**Task requirements:** Where the records below show a line containing "From all indications, a", start copying; end with the line containing "LILAC | 14K", and copy it too.

**Dataset excerpts:**
↓

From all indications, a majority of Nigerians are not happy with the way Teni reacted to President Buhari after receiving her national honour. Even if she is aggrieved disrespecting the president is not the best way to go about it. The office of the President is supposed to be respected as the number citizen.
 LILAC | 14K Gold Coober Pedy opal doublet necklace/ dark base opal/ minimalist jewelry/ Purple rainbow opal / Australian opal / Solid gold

↑
↓

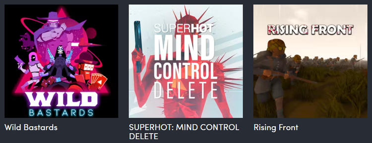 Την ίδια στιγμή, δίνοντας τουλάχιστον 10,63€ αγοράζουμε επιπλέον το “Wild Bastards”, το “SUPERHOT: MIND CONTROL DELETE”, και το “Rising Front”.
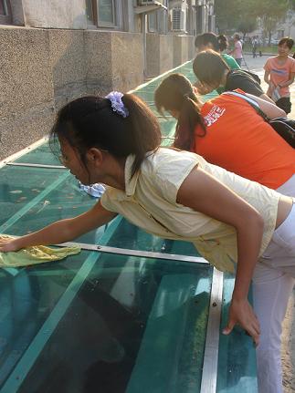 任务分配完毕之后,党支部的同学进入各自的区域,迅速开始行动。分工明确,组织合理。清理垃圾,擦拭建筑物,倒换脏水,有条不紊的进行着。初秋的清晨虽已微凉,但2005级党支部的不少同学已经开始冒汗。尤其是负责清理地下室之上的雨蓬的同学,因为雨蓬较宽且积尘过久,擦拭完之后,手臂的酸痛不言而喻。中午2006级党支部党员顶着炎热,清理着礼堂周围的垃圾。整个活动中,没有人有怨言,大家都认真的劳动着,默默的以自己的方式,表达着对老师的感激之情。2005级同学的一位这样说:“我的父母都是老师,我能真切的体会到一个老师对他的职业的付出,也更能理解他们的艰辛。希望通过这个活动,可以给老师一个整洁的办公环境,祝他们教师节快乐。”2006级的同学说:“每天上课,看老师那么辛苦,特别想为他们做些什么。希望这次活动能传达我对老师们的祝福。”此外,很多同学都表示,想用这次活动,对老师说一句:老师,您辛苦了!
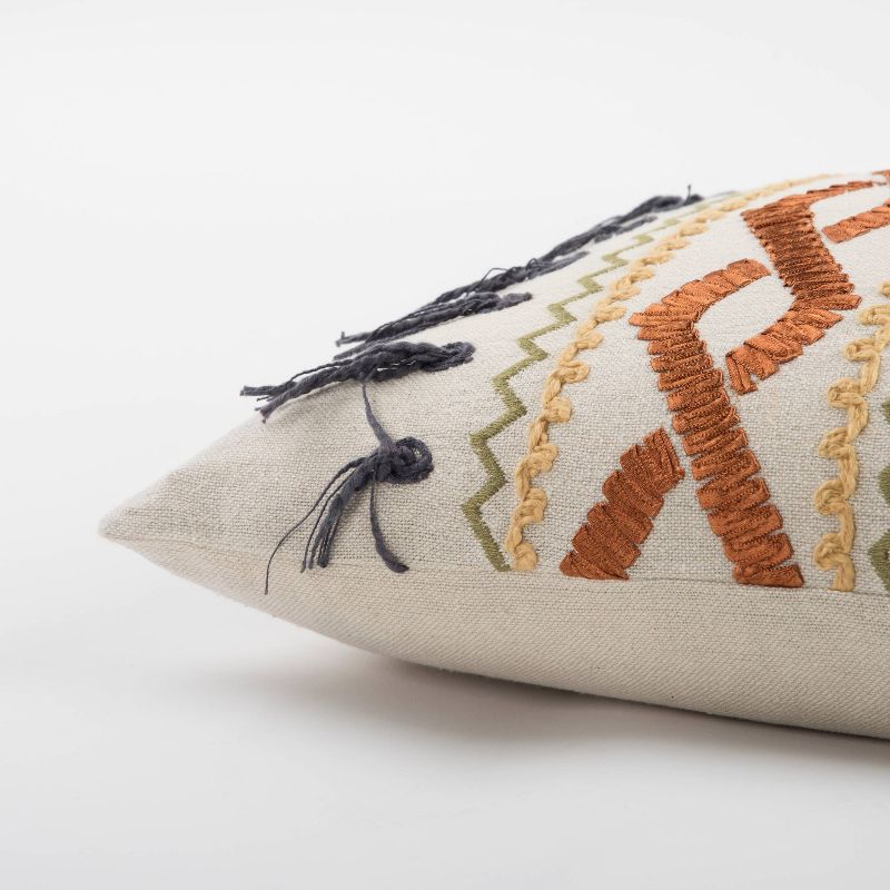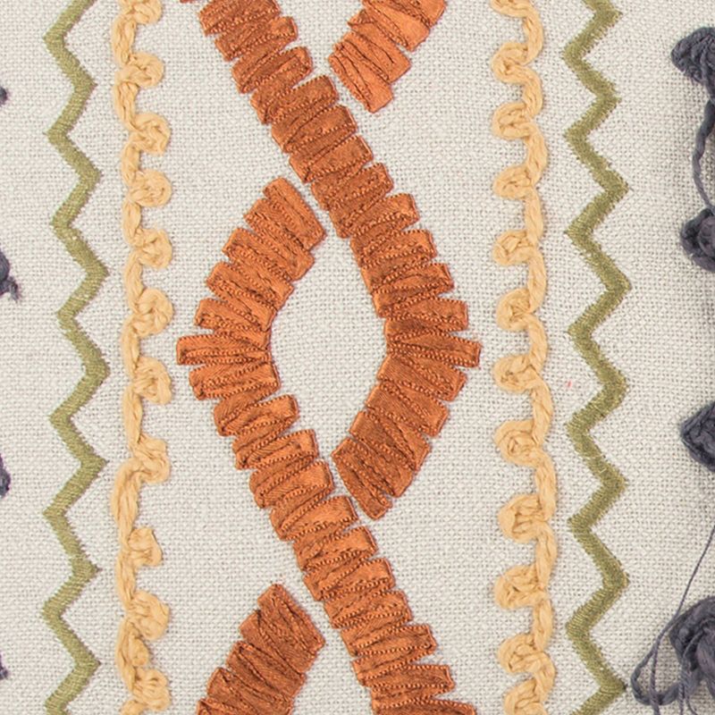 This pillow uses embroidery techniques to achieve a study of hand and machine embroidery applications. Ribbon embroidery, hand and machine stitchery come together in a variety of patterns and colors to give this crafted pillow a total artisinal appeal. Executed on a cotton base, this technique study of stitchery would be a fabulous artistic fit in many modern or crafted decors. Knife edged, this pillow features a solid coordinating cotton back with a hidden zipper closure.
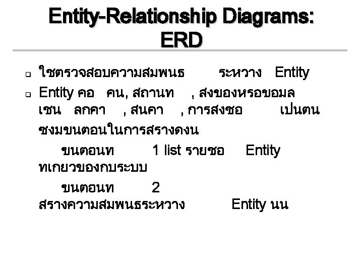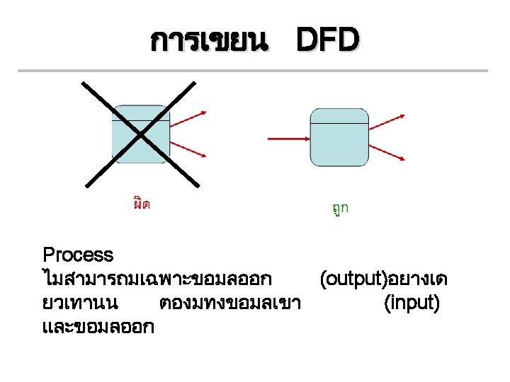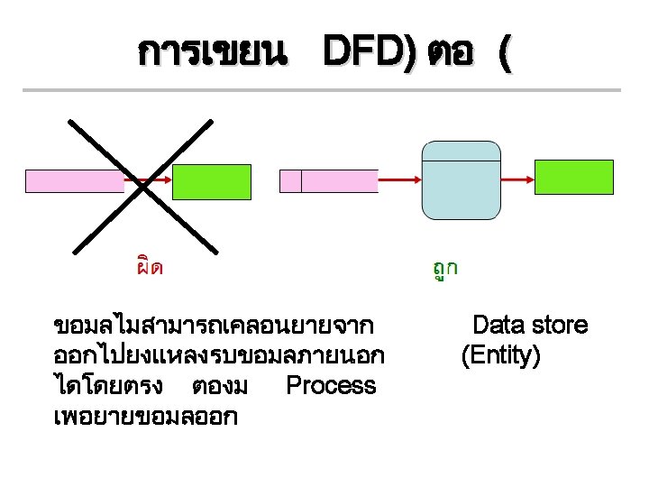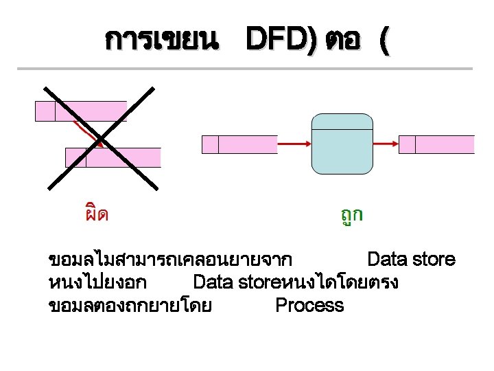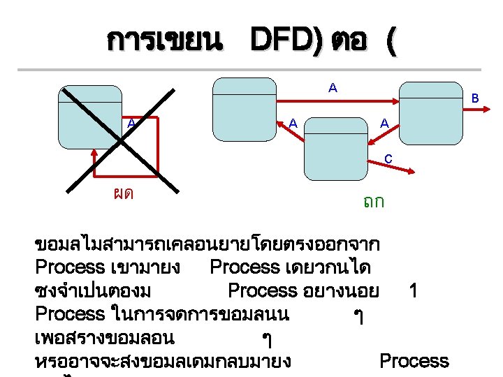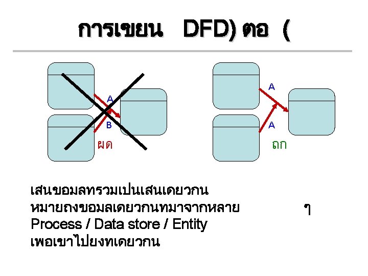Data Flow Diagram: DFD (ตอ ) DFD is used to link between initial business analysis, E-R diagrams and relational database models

↑
↓

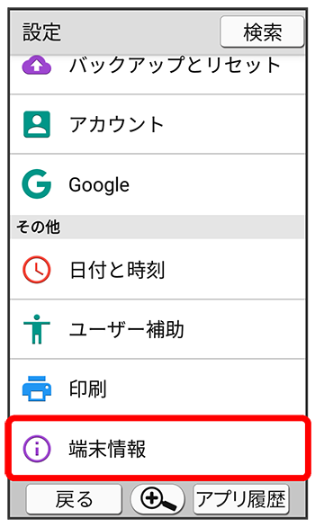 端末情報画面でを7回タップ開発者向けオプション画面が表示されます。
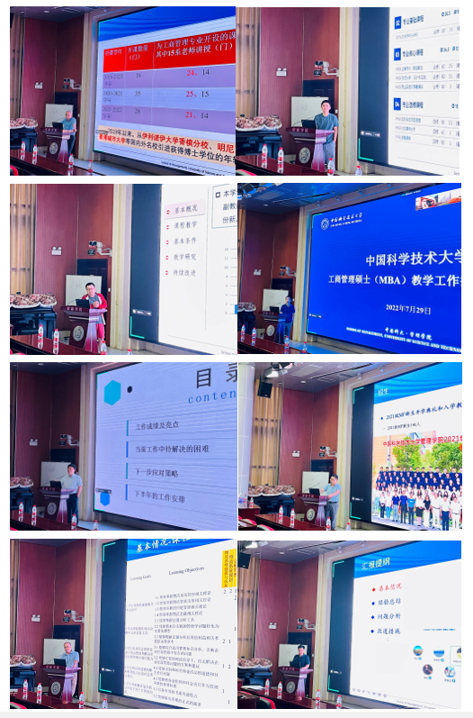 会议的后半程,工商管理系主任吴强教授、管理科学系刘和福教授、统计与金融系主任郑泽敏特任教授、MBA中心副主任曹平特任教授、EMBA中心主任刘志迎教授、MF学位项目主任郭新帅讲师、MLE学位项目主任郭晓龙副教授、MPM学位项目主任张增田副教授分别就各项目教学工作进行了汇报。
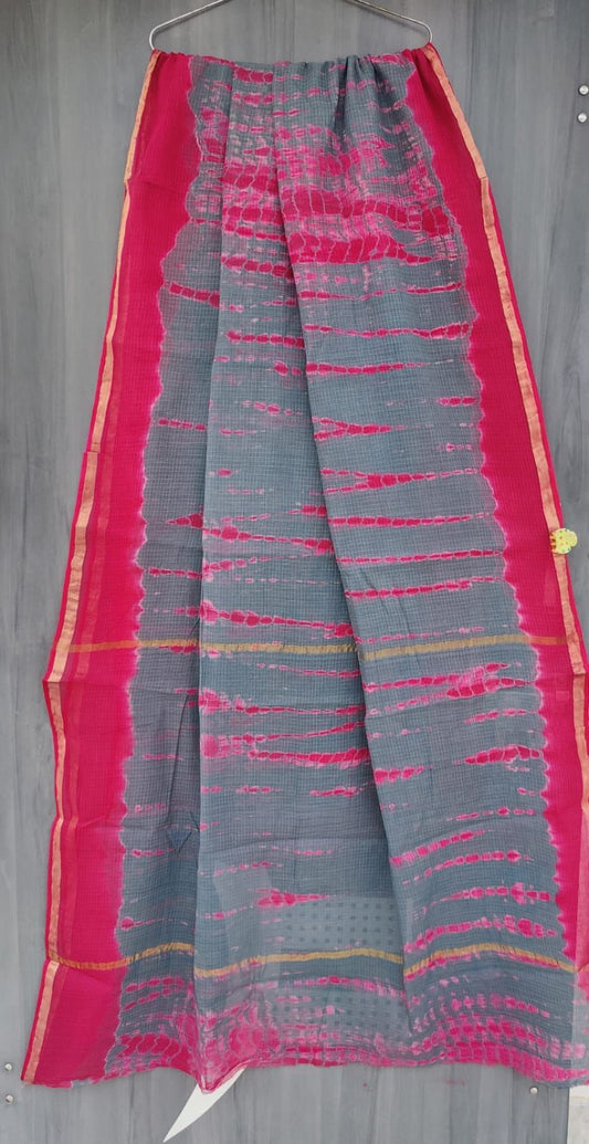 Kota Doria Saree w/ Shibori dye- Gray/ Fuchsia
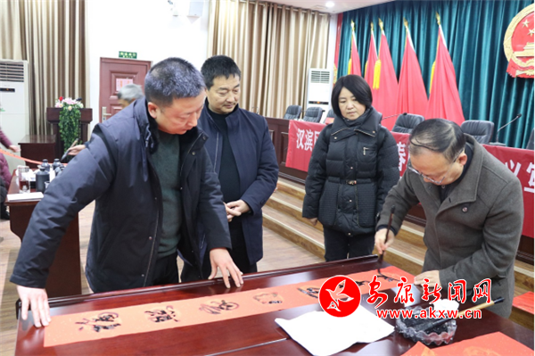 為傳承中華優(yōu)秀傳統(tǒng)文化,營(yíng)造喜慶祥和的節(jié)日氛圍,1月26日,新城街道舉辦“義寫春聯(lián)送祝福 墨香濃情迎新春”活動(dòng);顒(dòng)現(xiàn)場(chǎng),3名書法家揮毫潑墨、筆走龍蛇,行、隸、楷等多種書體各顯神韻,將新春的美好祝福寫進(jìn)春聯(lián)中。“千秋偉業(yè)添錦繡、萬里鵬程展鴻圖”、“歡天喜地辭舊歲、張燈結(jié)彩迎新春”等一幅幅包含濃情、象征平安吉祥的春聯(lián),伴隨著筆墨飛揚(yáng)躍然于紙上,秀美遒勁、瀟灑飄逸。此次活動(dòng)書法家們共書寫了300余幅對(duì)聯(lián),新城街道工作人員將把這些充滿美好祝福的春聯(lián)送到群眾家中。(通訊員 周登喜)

↑

**Answer area:**
From all indications, a majority of Nigerians are not happy with the way Teni reacted to President Buhari after receiving her national honour. Even if she is aggrieved disrespecting the president is not the best way to go about it. The office of the President is supposed to be respected as the number citizen.
 LILAC | 14K Gold Coober Pedy opal doublet necklace/ dark base opal/ minimalist jewelry/ Purple rainbow opal / Australian opal / Solid gold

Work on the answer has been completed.